CARBOGEN AMCIS, the Swiss-based pharmaceutical process development and Active Pharmaceutical Ingredient (API) manufacturing company, has announced a successful inspection by Swissmedic of its recently acquired site in Vionnaz, Switzerland.
The site has been inspected by Swissmedic and by the U.S. Food and Drug Administration (FDA) in the past and the re-audit is due to the change of ownership. The two-and-a-half-day audit covered the Quality System related to development and manufacture of highly potent APIs at the Vionnaz facility, including Analytical and Quality Control. This is the first stage in the facility’s cGMP certification process, which should be completed in the next two months.
The high potency facility in Vionnaz is designed to operate at an occupational exposure limit (OEL) level down to 0.05μg/m3. CARBOGEN AMCIS acquired the facility in August 2014 to significantly increase the development and manufacturing capacity of highly potent APIs. This site has already demonstrated the capability to produce highly potent warheads and linkers, which can be transferred to our bio conjugation facility in Switzerland to create Antibody Drug conjugates (ADC) for cancer treatment therapy.
"The positive conclusion of this inspection demonstrates our commitment to the highest standards of quality across all of CARBOGEN AMCIS’ facilities,” said Martin Schneider, Chief Quality Officer at CARBOGEN AMCIS. "We acquired this site last year and, with the support of our expert groups in Switzerland, the Vionnaz team has been able to demonstrate to Swissmedic that CARBOGEN AMCIS meets all aspects of quality to supply our customers with GMP API’s from the facility. This continues our long track record of successful regulatory audits.”

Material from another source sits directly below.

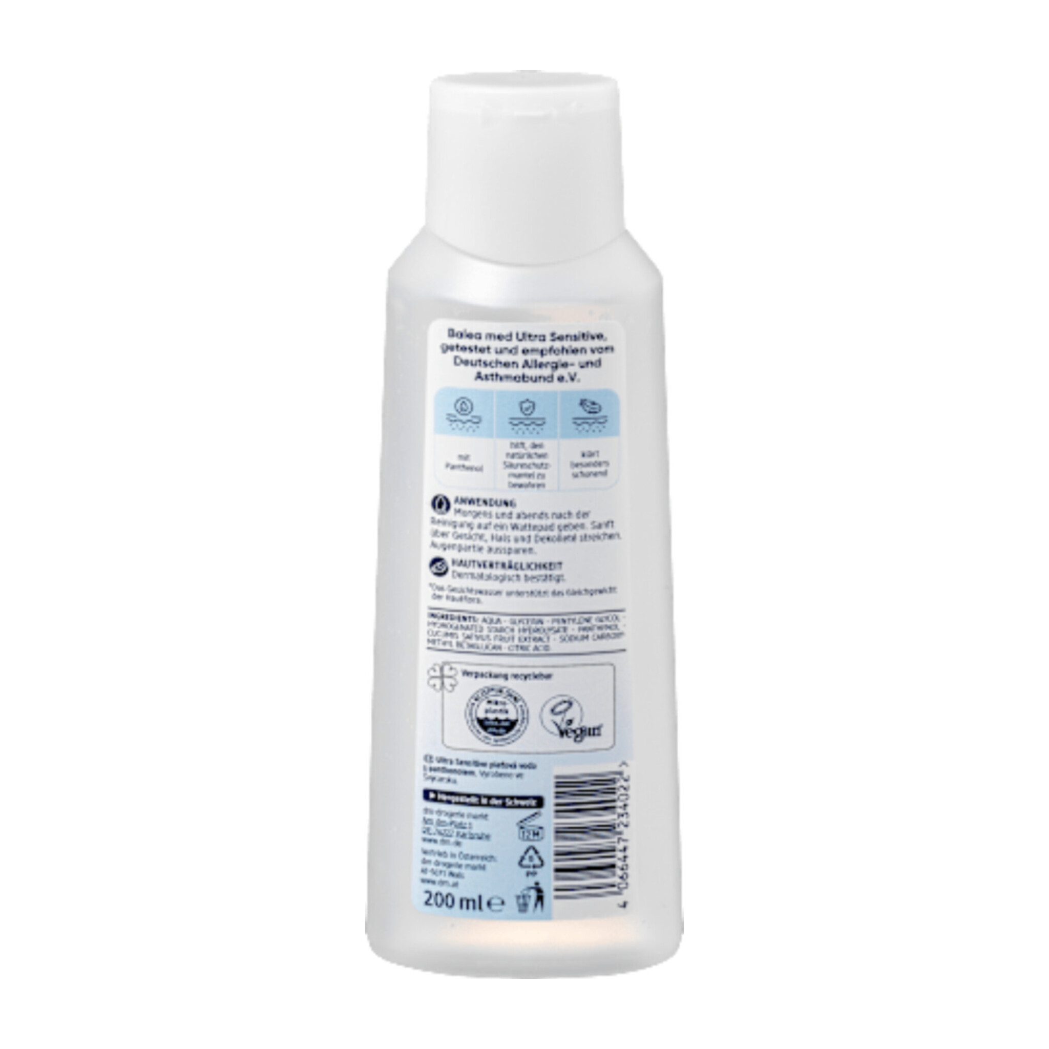 تونر صورت فوق حساس Balea med به آرامی پوست صورت شما را تمیز میکند. فرمول حاوی پانتنول به حفظ لایه محافظ طبیعی پوست شما کمک میکند. همچنین از تعادل طبیعی پوست پشتیبانی میکند. فرمول گیاهی آن فاقد میکروپلاستیک، عطر، پارابن، رنگ و الکل است.

“My team on-site is highly qualified with more than 10 years of experience in manufacturing highly potent APIs. Combined with our 15 years of expertise at CARBOGEN AMCIS, we managed to create really attractive synergies,” said Rolf Tunnemann, Director of CARBOGEN AMCIS Vionnaz facility. “As we move forward, we will continue to pursue opportunities to improve quality. We now have to follow the process and validate cGMP certification in the next few months.”
“I am proud of what our team has achieved in such a short length of time and delighted that we will be able to continue to support our clients growing needs,” commented Mark Griffiths, CEO, CARBOGEN AMCIS and the Dishman Group.
Dishman Group (www.dishmangroup.com) is a global outsourcing partner for the pharmaceutical industry, offering a portfolio of development, scale-up and manufacturing services. Dishman Group improves its customers’ businesses by providing a range of development and manufacturing solutions at locations in Europe, China and India.